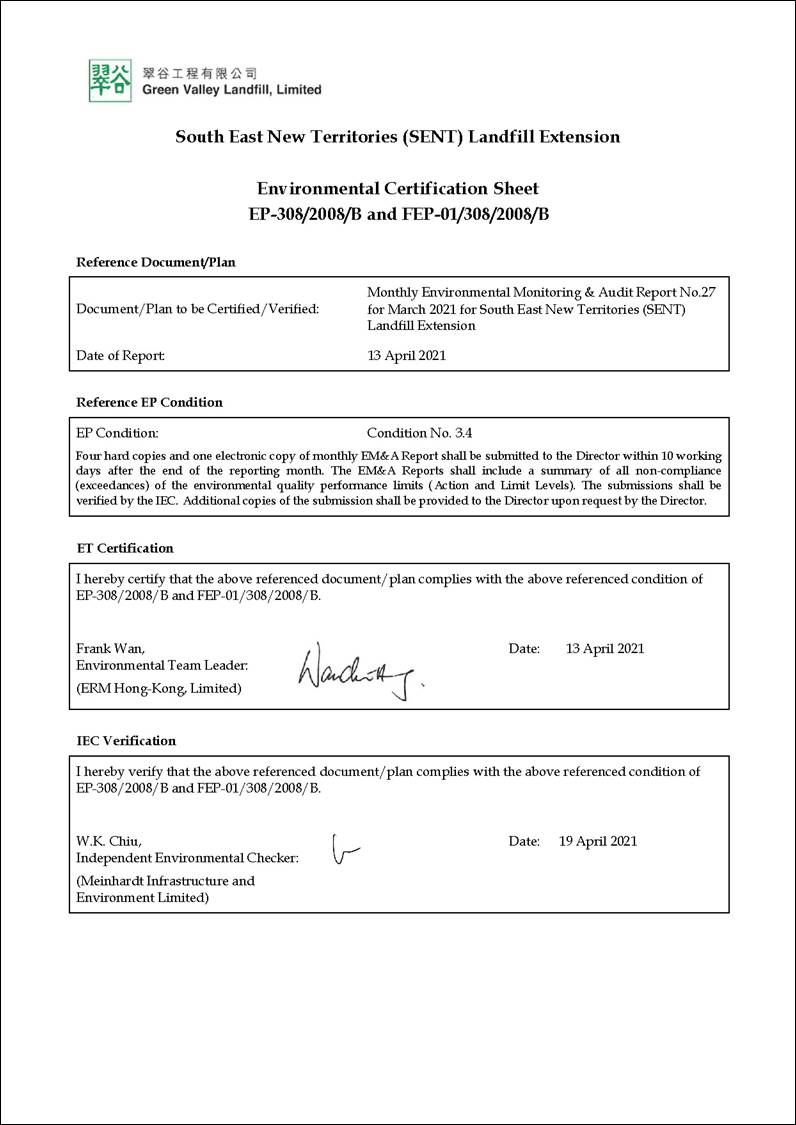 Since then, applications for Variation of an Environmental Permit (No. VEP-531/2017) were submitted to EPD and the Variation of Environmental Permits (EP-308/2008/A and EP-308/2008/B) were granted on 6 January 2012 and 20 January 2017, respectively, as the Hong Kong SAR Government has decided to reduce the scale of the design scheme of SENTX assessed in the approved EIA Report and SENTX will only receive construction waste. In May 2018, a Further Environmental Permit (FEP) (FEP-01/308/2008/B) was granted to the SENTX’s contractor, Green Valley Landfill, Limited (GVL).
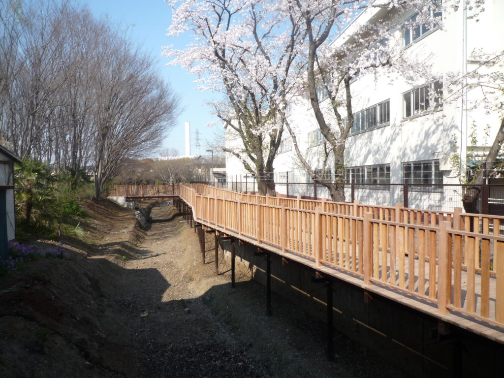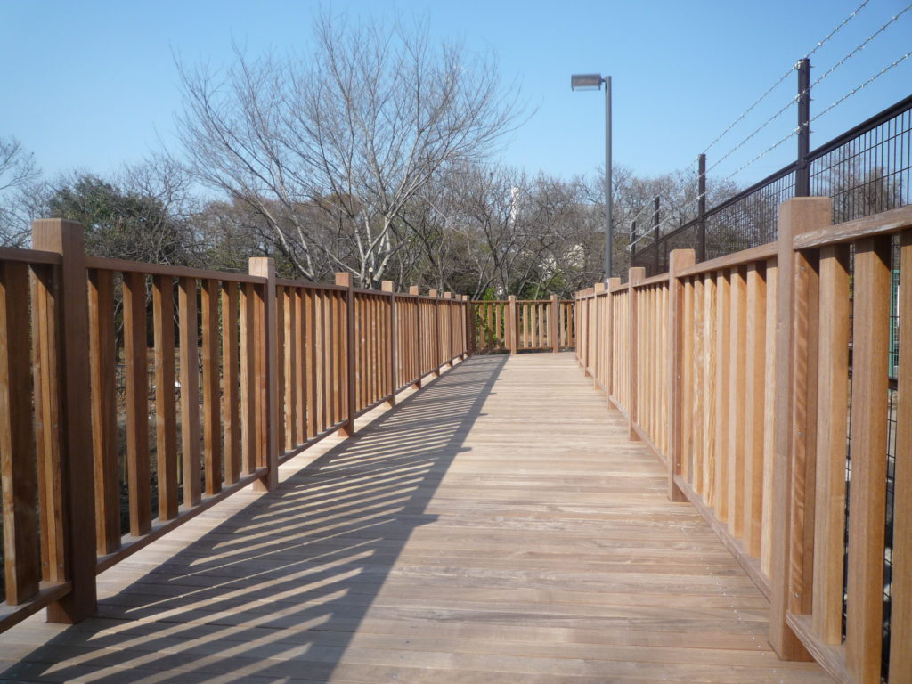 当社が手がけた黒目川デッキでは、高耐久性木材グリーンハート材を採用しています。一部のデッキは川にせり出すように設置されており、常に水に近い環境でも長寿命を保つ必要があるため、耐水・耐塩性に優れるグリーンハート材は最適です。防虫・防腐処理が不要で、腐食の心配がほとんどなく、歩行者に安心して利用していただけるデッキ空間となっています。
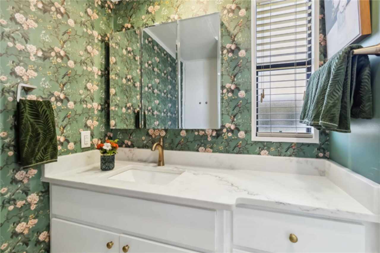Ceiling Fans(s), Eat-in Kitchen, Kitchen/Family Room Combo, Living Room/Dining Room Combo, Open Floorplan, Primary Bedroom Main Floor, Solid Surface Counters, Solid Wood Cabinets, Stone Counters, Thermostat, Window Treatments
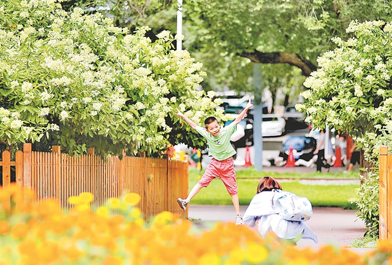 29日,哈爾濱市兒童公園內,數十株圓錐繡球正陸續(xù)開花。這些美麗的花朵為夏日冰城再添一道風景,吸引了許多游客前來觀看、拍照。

—————

— Exercise description —
Every line of the listing should be copied precisely, with images omitted.

— Exercise output —
 Since then, applications for Variation of an Environmental Permit (No. VEP-531/2017) were submitted to EPD and the Variation of Environmental Permits (EP-308/2008/A and EP-308/2008/B) were granted on 6 January 2012 and 20 January 2017, respectively, as the Hong Kong SAR Government has decided to reduce the scale of the design scheme of SENTX assessed in the approved EIA Report and SENTX will only receive construction waste. In May 2018, a Further Environmental Permit (FEP) (FEP-01/308/2008/B) was granted to the SENTX’s contractor, Green Valley Landfill, Limited (GVL).
 当社が手がけた黒目川デッキでは、高耐久性木材グリーンハート材を採用しています。一部のデッキは川にせり出すように設置されており、常に水に近い環境でも長寿命を保つ必要があるため、耐水・耐塩性に優れるグリーンハート材は最適です。防虫・防腐処理が不要で、腐食の心配がほとんどなく、歩行者に安心して利用していただけるデッキ空間となっています。
Ceiling Fans(s), Eat-in Kitchen, Kitchen/Family Room Combo, Living Room/Dining Room Combo, Open Floorplan, Primary Bedroom Main Floor, Solid Surface Counters, Solid Wood Cabinets, Stone Counters, Thermostat, Window Treatments
 29日,哈爾濱市兒童公園內,數十株圓錐繡球正陸續(xù)開花。這些美麗的花朵為夏日冰城再添一道風景,吸引了許多游客前來觀看、拍照。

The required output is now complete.